[Start of Attachment]
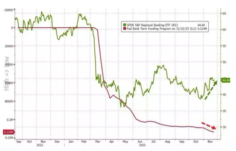 While the $114 billion outstanding in the BTFP is relatively small compared to the $22.8 trillion in commercial bank assets held by US banks, concerns arise about persistent problems within the banking system. The ongoing reliance on bailout borrowing, even with improvements in the bond market, suggests underlying challenges.
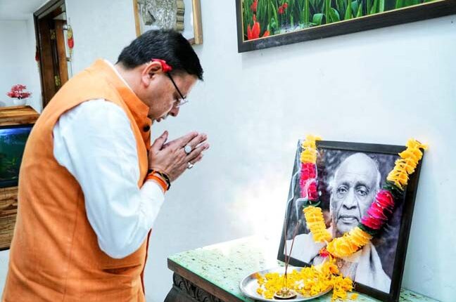 देहरादून/उत्तराखण्ड: 31 Oct.–2023: खबर…. राजधानी से मंगलवार को देहरादून स्थित मुख्यमंत्री आवास में राष्ट्रीय एकता दिवस के अवसर पर मुख्यमंत्री पुष्कर सिंह धामी ने सरदार वल्लभ भाई पटेल के चित्र पर श्रद्धा सुमन अर्पित कर श्रद्धांजलि दी।
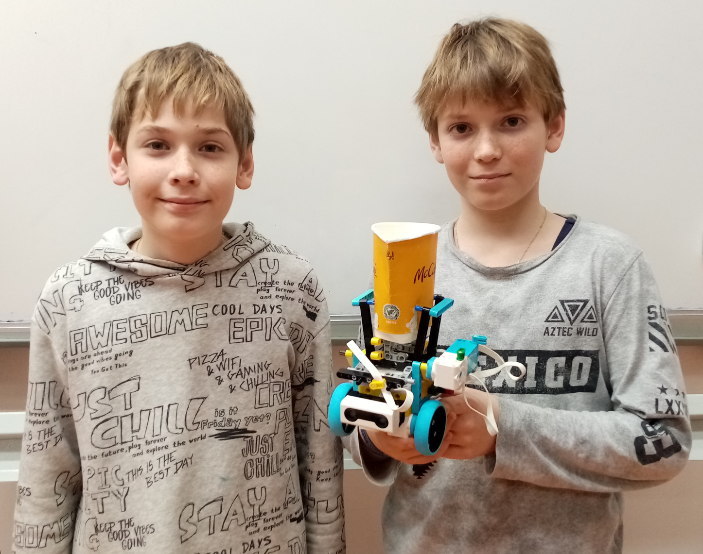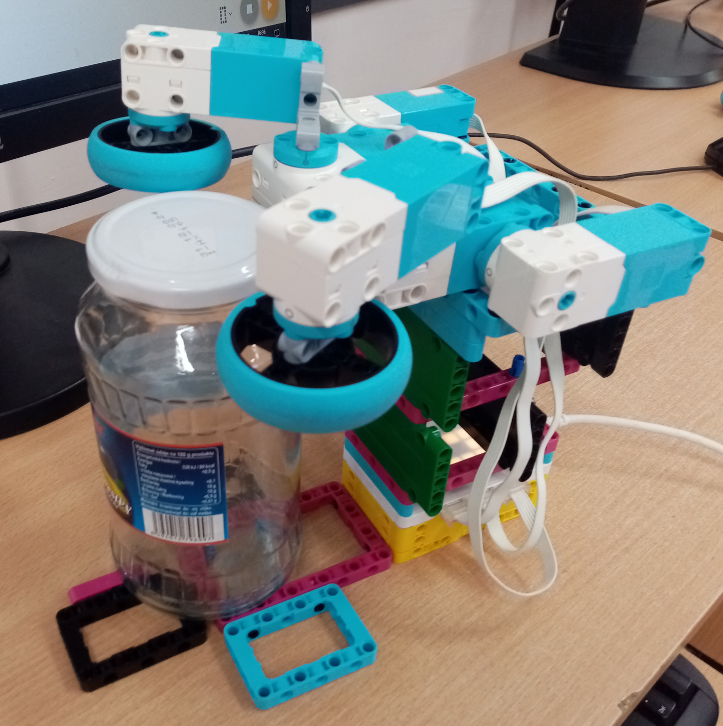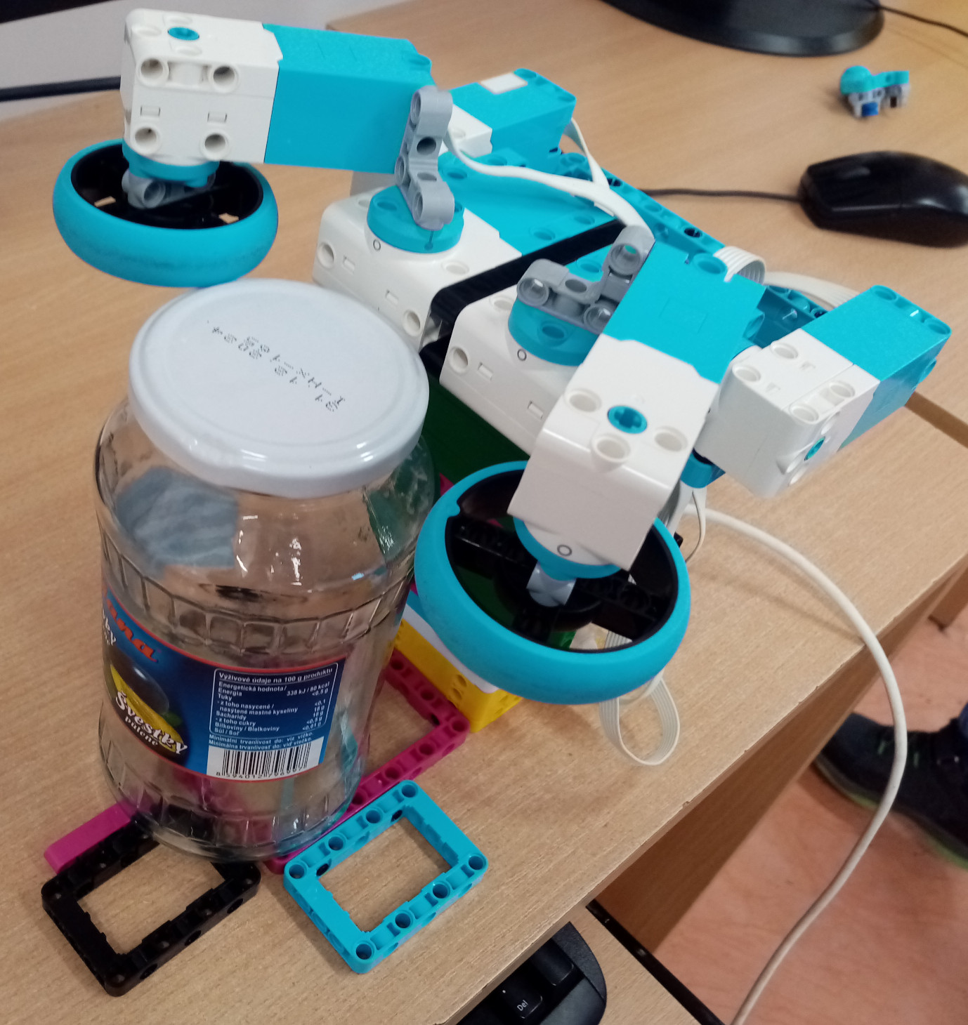 1. Pekná konštrukcia, ktorá dokáže to viečko aj podvihnúť a dať nabok. Zaujímalo by ma, či ste skúšali ako najsilnejšie zatiahnuté viečko viete odkrútiť. 2. Za úlohu kompót získavate 3b. Pekné riešenie. 3. Super, pohár ste otvorili :) Možno by to chcelo ešte doladiť uchopenie pohára. aby ho jeden z členov nemusel držať v ruke ;) 4. O tomto robotovi by sa ani nedalo povedať, že má pripevnené motory na konštrukcii, ale že má konštrukciu pripevnenú na motory. Je ich trochu veľa, možno by sa dal aspoň jeden alebo dva ušetriť, aby robot stále vykonával tú istú úlohu? Všetky tri dvojice sa vždy točia/hýbu spolu, takže ten pohyb by asi vedel dodať vždy iba jeden motor namiesto dvoch..? Funguje to ako má, aj keď pohár bolo treba pridŕžať rukou.
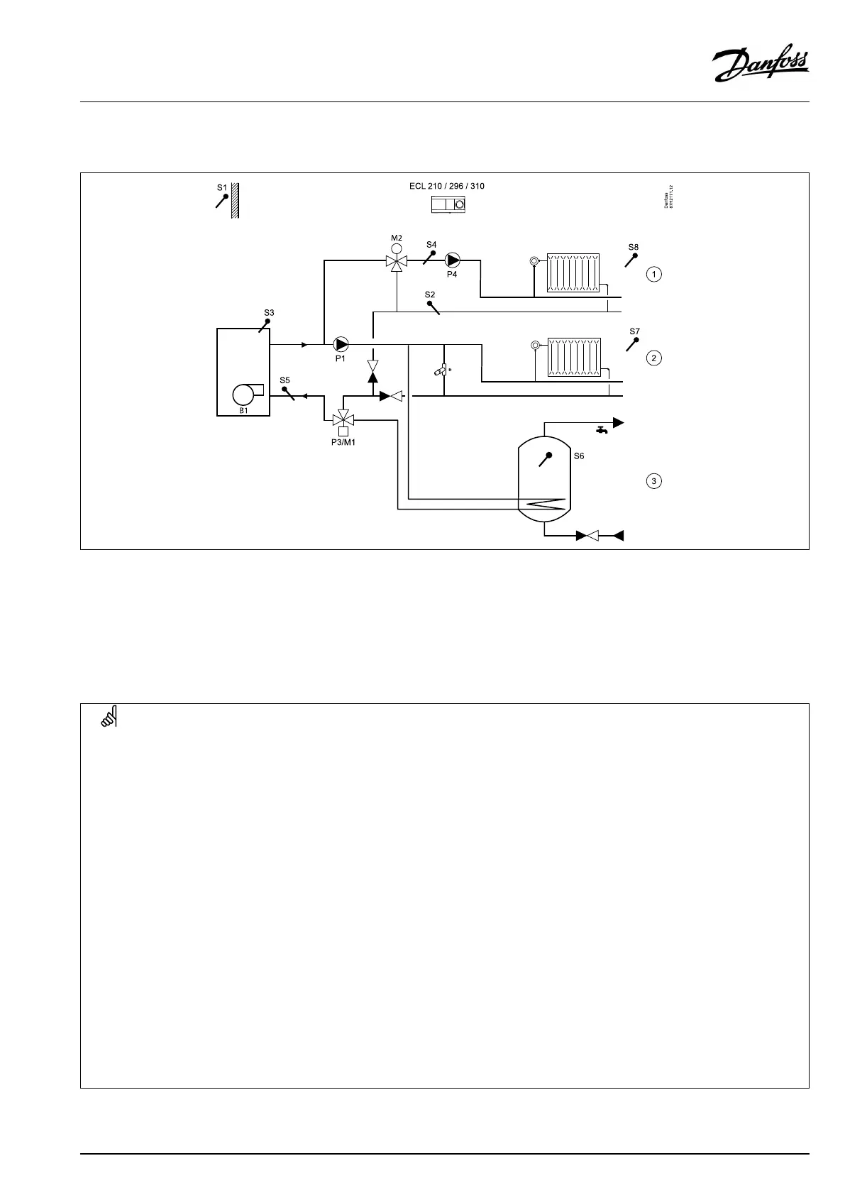 BoilerON/OFFcontrolforadirectheatingcircuit(1),amixingcircuit(2)andaDHWcircuit(3).DHWpriority.
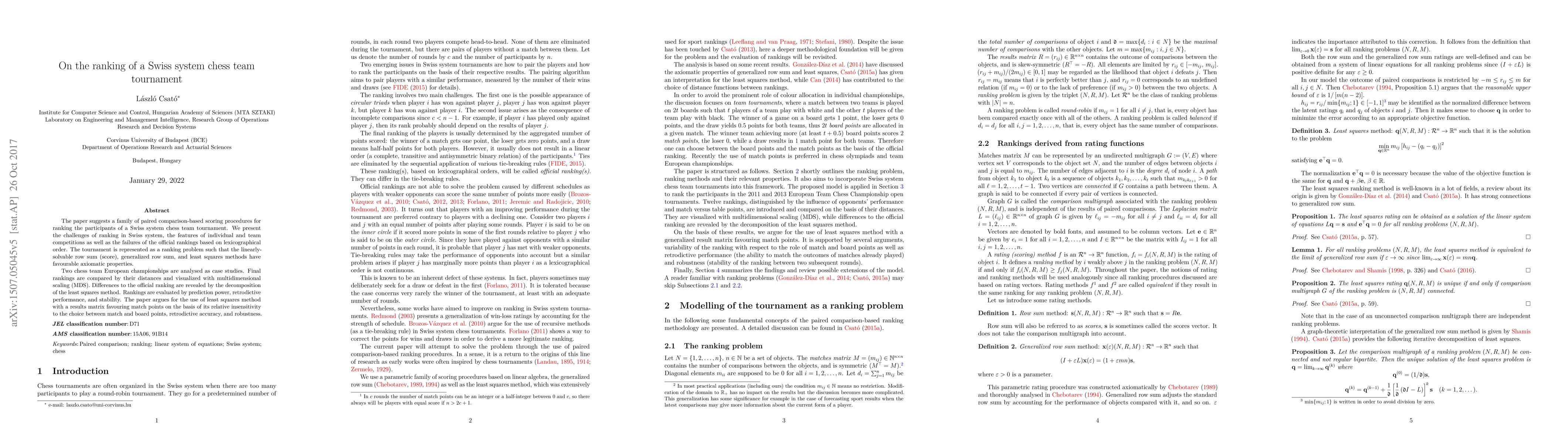 This paper proposes new paired comparison-based scoring methods for ranking teams in Swiss system chess tournaments, analyzing two European championships to compare these methods against official rankings. The least squares method is recommended for its robustness, retrodictive accuracy, and stability.
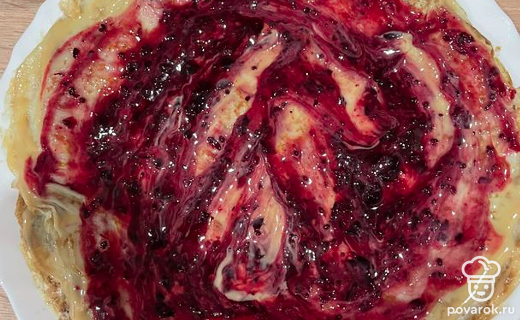 В некоторые слои добавить варенье, повторять все действия до окончания ингредиентов.
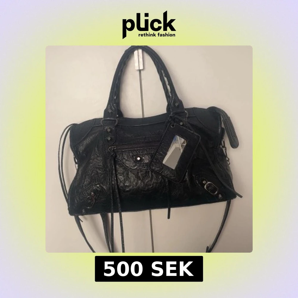 Cool svart handvĂ€ska med spegel och snygga metalldetaljer. Riktig pris 800kr , Men jag sĂ€ljer den för 500krđ©·Vi kan diskutera priset!
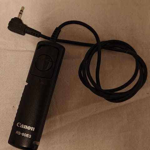 Fjernbetjening Canon, Canon, RS60-E3, Perfekt, Fjernbetjening til Canon spejlreflekskamera. Har været brugt sammen med et analogt EOS500. Udløserknappen kan låses, så man selv kan bestemme de lange eksponeringstider uden at kameraet rystes som det sker, hvis udløseren på selve kameraet nedtrykkes og holdes til eksponeringen er slut.
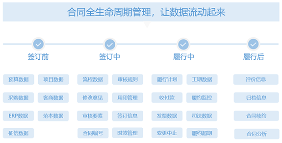 以提供从合同起草、审批、签订、执行、归档、统计等全生命周期的服务
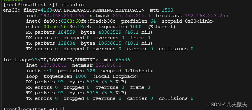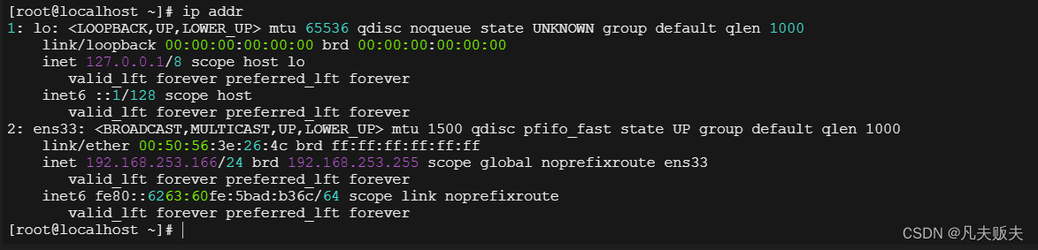 - inet 192.168.253.166和inet 127.0.0.1:这是接口的IPv4地址,分别是ens33和lo接口的IPv4地址。
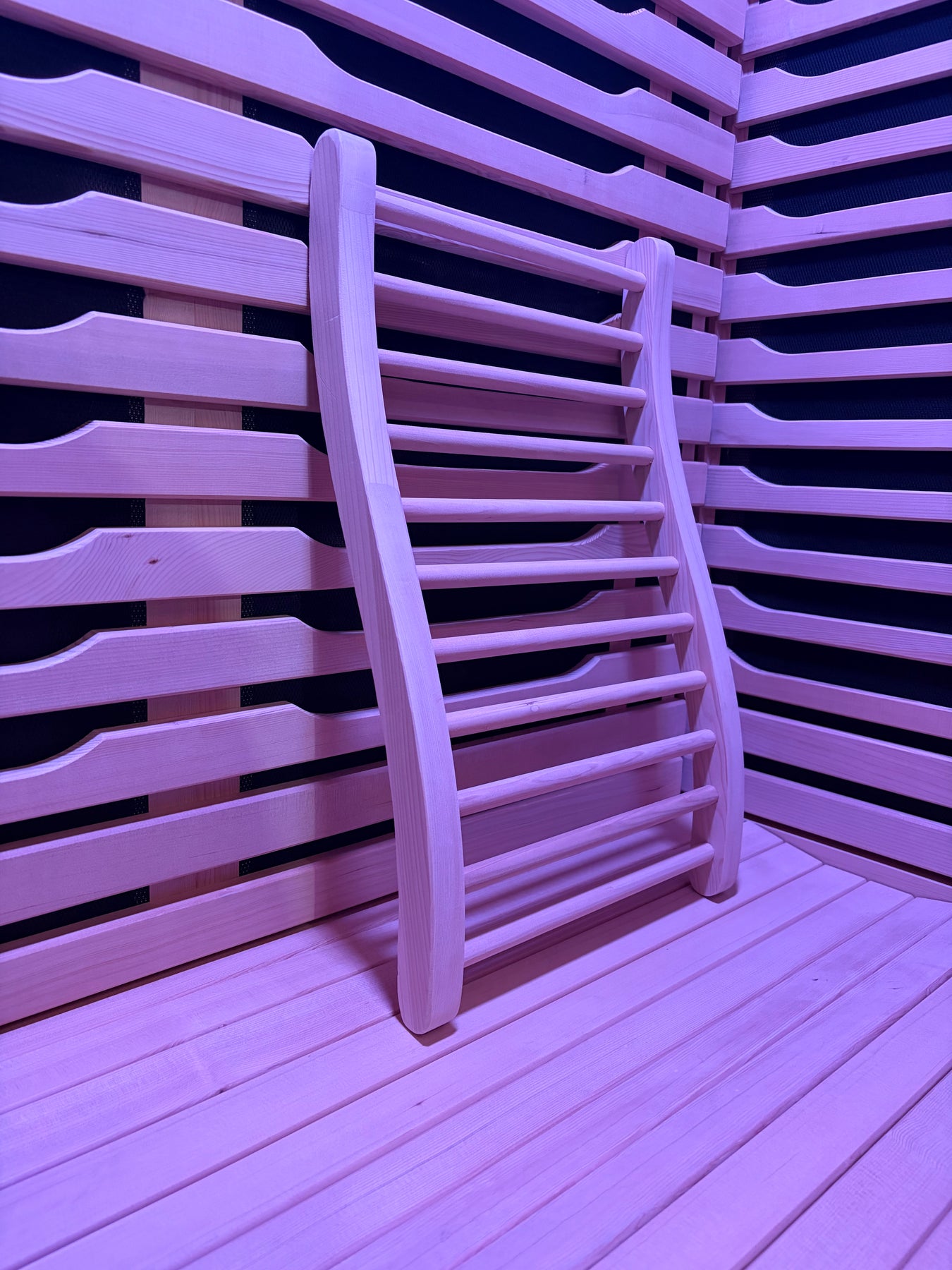 One of the best industry efficient Sauna, with 6 Full-Spectrum - 2 heaters on the back, 1 heater below the bench, 2 large Carbon Panel heaters on sides & 1 RED Glass heater in the front. Heats up & gets ready fast.
[End of Attachment]
§ **WORK TASK**
Exactly as written, return each line above and leave the pictures behind.

§ **RESULT OF THE TASK**
 While the $114 billion outstanding in the BTFP is relatively small compared to the $22.8 trillion in commercial bank assets held by US banks, concerns arise about persistent problems within the banking system. The ongoing reliance on bailout borrowing, even with improvements in the bond market, suggests underlying challenges.
 देहरादून/उत्तराखण्ड: 31 Oct.–2023: खबर…. राजधानी से मंगलवार को देहरादून स्थित मुख्यमंत्री आवास में राष्ट्रीय एकता दिवस के अवसर पर मुख्यमंत्री पुष्कर सिंह धामी ने सरदार वल्लभ भाई पटेल के चित्र पर श्रद्धा सुमन अर्पित कर श्रद्धांजलि दी।
 1. Pekná konštrukcia, ktorá dokáže to viečko aj podvihnúť a dať nabok. Zaujímalo by ma, či ste skúšali ako najsilnejšie zatiahnuté viečko viete odkrútiť. 2. Za úlohu kompót získavate 3b. Pekné riešenie. 3. Super, pohár ste otvorili :) Možno by to chcelo ešte doladiť uchopenie pohára. aby ho jeden z členov nemusel držať v ruke ;) 4. O tomto robotovi by sa ani nedalo povedať, že má pripevnené motory na konštrukcii, ale že má konštrukciu pripevnenú na motory. Je ich trochu veľa, možno by sa dal aspoň jeden alebo dva ušetriť, aby robot stále vykonával tú istú úlohu? Všetky tri dvojice sa vždy točia/hýbu spolu, takže ten pohyb by asi vedel dodať vždy iba jeden motor namiesto dvoch..? Funguje to ako má, aj keď pohár bolo treba pridŕžať rukou.
 BoilerON/OFFcontrolforadirectheatingcircuit(1),amixingcircuit(2)andaDHWcircuit(3).DHWpriority.
 This paper proposes new paired comparison-based scoring methods for ranking teams in Swiss system chess tournaments, analyzing two European championships to compare these methods against official rankings. The least squares method is recommended for its robustness, retrodictive accuracy, and stability.
 В некоторые слои добавить варенье, повторять все действия до окончания ингредиентов.
 Cool svart handvĂ€ska med spegel och snygga metalldetaljer. Riktig pris 800kr , Men jag sĂ€ljer den för 500krđ©·Vi kan diskutera priset!
 Fjernbetjening Canon, Canon, RS60-E3, Perfekt, Fjernbetjening til Canon spejlreflekskamera. Har været brugt sammen med et analogt EOS500. Udløserknappen kan låses, så man selv kan bestemme de lange eksponeringstider uden at kameraet rystes som det sker, hvis udløseren på selve kameraet nedtrykkes og holdes til eksponeringen er slut.
 以提供从合同起草、审批、签订、执行、归档、统计等全生命周期的服务
 - inet 192.168.253.166和inet 127.0.0.1:这是接口的IPv4地址,分别是ens33和lo接口的IPv4地址。
 One of the best industry efficient Sauna, with 6 Full-Spectrum - 2 heaters on the back, 1 heater below the bench, 2 large Carbon Panel heaters on sides & 1 RED Glass heater in the front. Heats up & gets ready fast.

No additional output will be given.